Stolen credentials also pave the way for data exfiltration. With elevated privileges acquired through compromised credentials, attackers can gain access to sensitive information stored on various systems and network shares. This data can then be exfiltrated from the organization, potentially for financial gain, espionage, or other malicious purposes.1 Furthermore, obtaining domain credentials allows attackers to establish persistence within the compromised network.1 Even if their initial entry point is discovered and remediated by security teams, valid domain credentials enable them to maintain long-term, unauthorized access to the infrastructure, potentially allowing them to re-establish their presence at a later time. In the context of ransomware deployment, credential theft often serves as a crucial precursor.6 Attackers frequently leverage stolen credentials to gain widespread access across an organization's network, enabling them to deploy ransomware to a large number of systems simultaneously, maximizing the impact and increasing the likelihood of a ransom payment.

The LSASS process is a particularly valuable target for attackers due to the sheer volume and sensitivity of the information it stores in memory.1 This includes the credentials of the currently logged-on user, which can often be leveraged for immediate lateral movement or privilege escalation. Moreover, LSASS may also contain cached credentials of other users who have recently logged onto the system, including potentially domain administrator accounts. The interconnected nature of modern networks amplifies the risk associated with LSASS compromise.
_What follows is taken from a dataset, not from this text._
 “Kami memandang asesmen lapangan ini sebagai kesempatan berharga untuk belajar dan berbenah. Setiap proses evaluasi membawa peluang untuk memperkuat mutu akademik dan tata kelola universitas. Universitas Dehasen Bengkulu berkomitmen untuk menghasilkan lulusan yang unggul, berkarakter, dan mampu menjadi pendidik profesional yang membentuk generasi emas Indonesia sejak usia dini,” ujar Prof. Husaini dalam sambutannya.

Successfully dumping LSASS credentials from a single endpoint can have cascading effects, potentially leading to a complete network takeover. In a typical domain environment, user credentials often grant access to a multitude of resources and systems. Once an attacker obtains valid domain credentials from LSASS on just one machine, they can potentially access file shares, databases, other workstations, and even domain controllers, significantly escalating the impact of the initial compromise. This interconnectedness underscores the critical need for robust defenses against LSASS credential dumping across all endpoints within an organization's network.
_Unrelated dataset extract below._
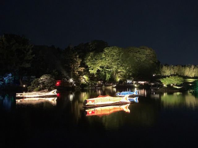 この季節の夜は過ごしやすく、ライトアップされた庭園やお城にテンションも上がります!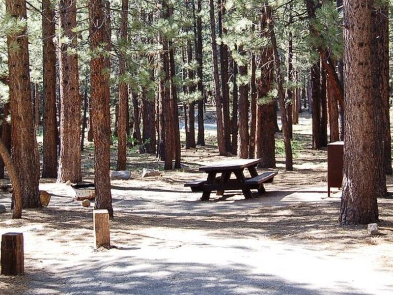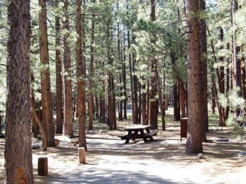 Old Shady Rest Campground is a large facility nestled in a mature Jeffrey pine forest at 7,800 feet elevation, within walking distance of the full-service community of Mammoth Lakes. The campground features 47 campsites arranged in a single loop adjacent to New Shady Rest and Pine Glen Campgrounds. The location is ideal for campers who want convenient access to town amenities while enjoying a forested camping experience. The Mammoth Lakes area offers exceptional outdoor recreation opportunities. The eastern Sierras are renowned for their challenging hiking and mountain biking trails, world-class trout fishing in nearby creeks and lakes, and proximity to major ski resorts. Popular day trips include Devils Postpile National Monument, Yosemite National Park, and Mono Basin. A paved walking and biking trail connects the campground to town parks and other nearby campgrounds. Wildlife is abundant in this area, including black bears, mountain lions, mule deer, pine martens, and numerous bird species. This is an active bear area, and all food must be stored in the provided bear-proof lockers. The campground provides flush toilets, drinking water from hand pumps, fire rings, and picnic tables at each site. Showers are available nearby in town.

3. Techniques and Tools Used for LSASS Credential Dumping in the Wild

Attackers employ a diverse range of techniques and tools to dump credentials from the LSASS process, often adapting their methods to evade detection by security solutions. These techniques can broadly be categorized into the use of Living-off-the-Land Binaries (LOLBins) and dedicated hacking tools.1

3.1. Living-off-the-Land Binaries (LOLBins)
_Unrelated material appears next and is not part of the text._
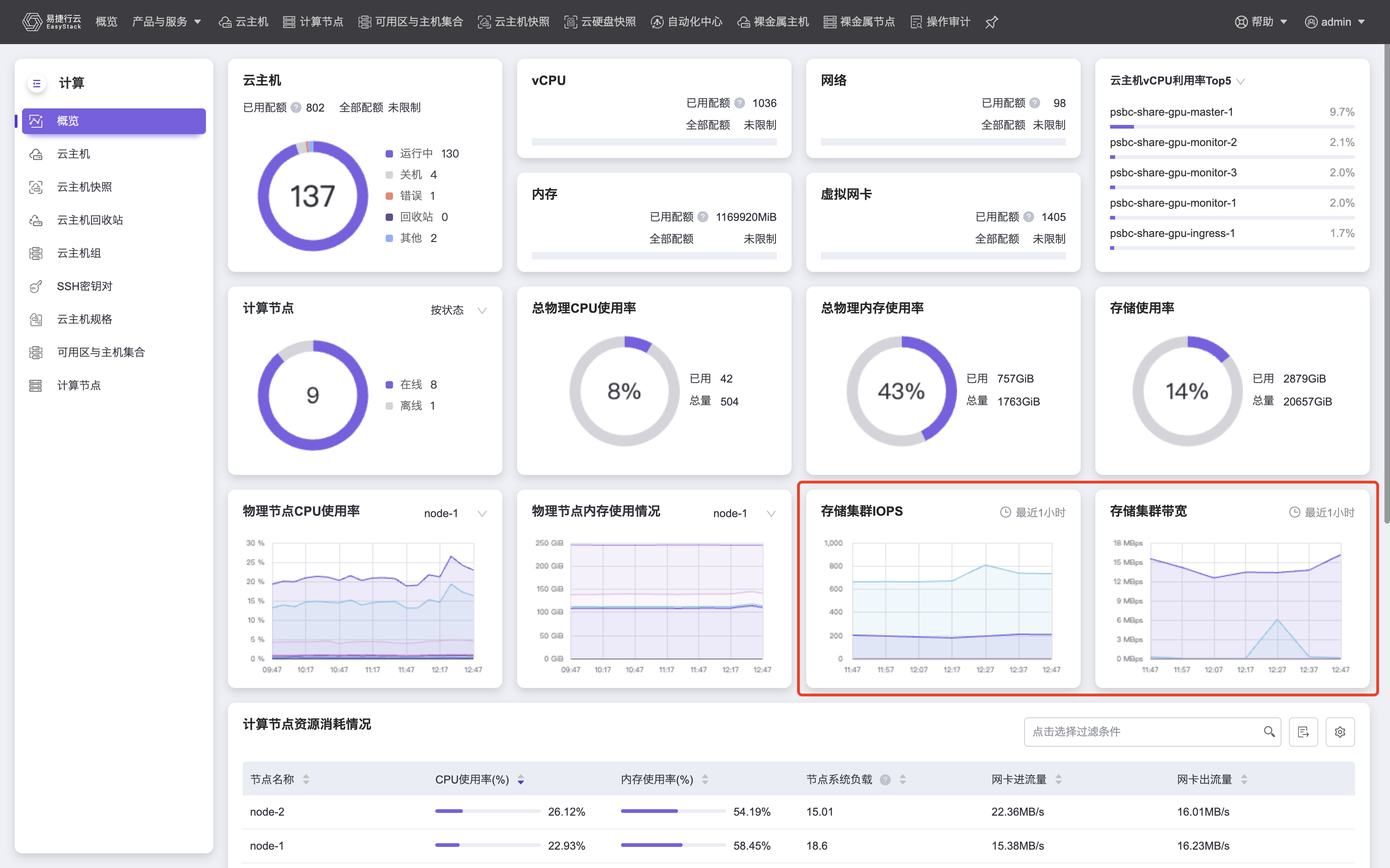 物理资源状态 对应图中标红区域,是对平台中物理资源的概况展示,只对云管理员开放,如果您是非云管理员角色,将无法获取物理资源状态信息。物理资源状态展示项中您可以清晰查看节点在线/离线等状态、物理CPU/内存/存储使用情况等。物理资源状态也可以帮助您一目了然的了解到集群的物理资源使用情况,当资源不足时,需要尽快扩容或清理资源。

LOLBins are legitimate, often digitally signed, binaries that are either already present on the target system or can be easily downloaded. Attackers misuse these tools for malicious activities, such as LSASS credential dumping, to blend in with normal system operations and evade detection.1

One commonly used set of LOLBins involves rundll32.exe and comsvcs.dll.1 Attackers leverage the rundll32.exe utility to execute the MiniDump function, which is exported by the comsvcs.dll library.4 The MiniDump function is a legitimate Windows function designed for creating memory dumps of specified processes, primarily for debugging purposes. Attackers abuse this functionality by providing the process ID (PID) of LSASS as an argument to the MiniDump function, along with an output path where the memory dump file will be saved.11 Notably, threat actors like Storm-0270 have been observed employing this technique and even reversing the filename of the dump file (e.g., saving it as ssasl.dmp instead of the more obvious lsass.dmp) in an attempt to further evade detection.8 The reliance on a built-in Windows DLL like comsvcs.dll makes this technique particularly stealthy as it avoids the use of external, potentially suspicious executables. comsvcs.dll is a legitimate system file integral to COM+ services, and its presence and execution are commonplace within a Windows environment. Attackers exploit its intended debugging capabilities to dump LSASS memory, making detection based solely on the executed binary a significant challenge.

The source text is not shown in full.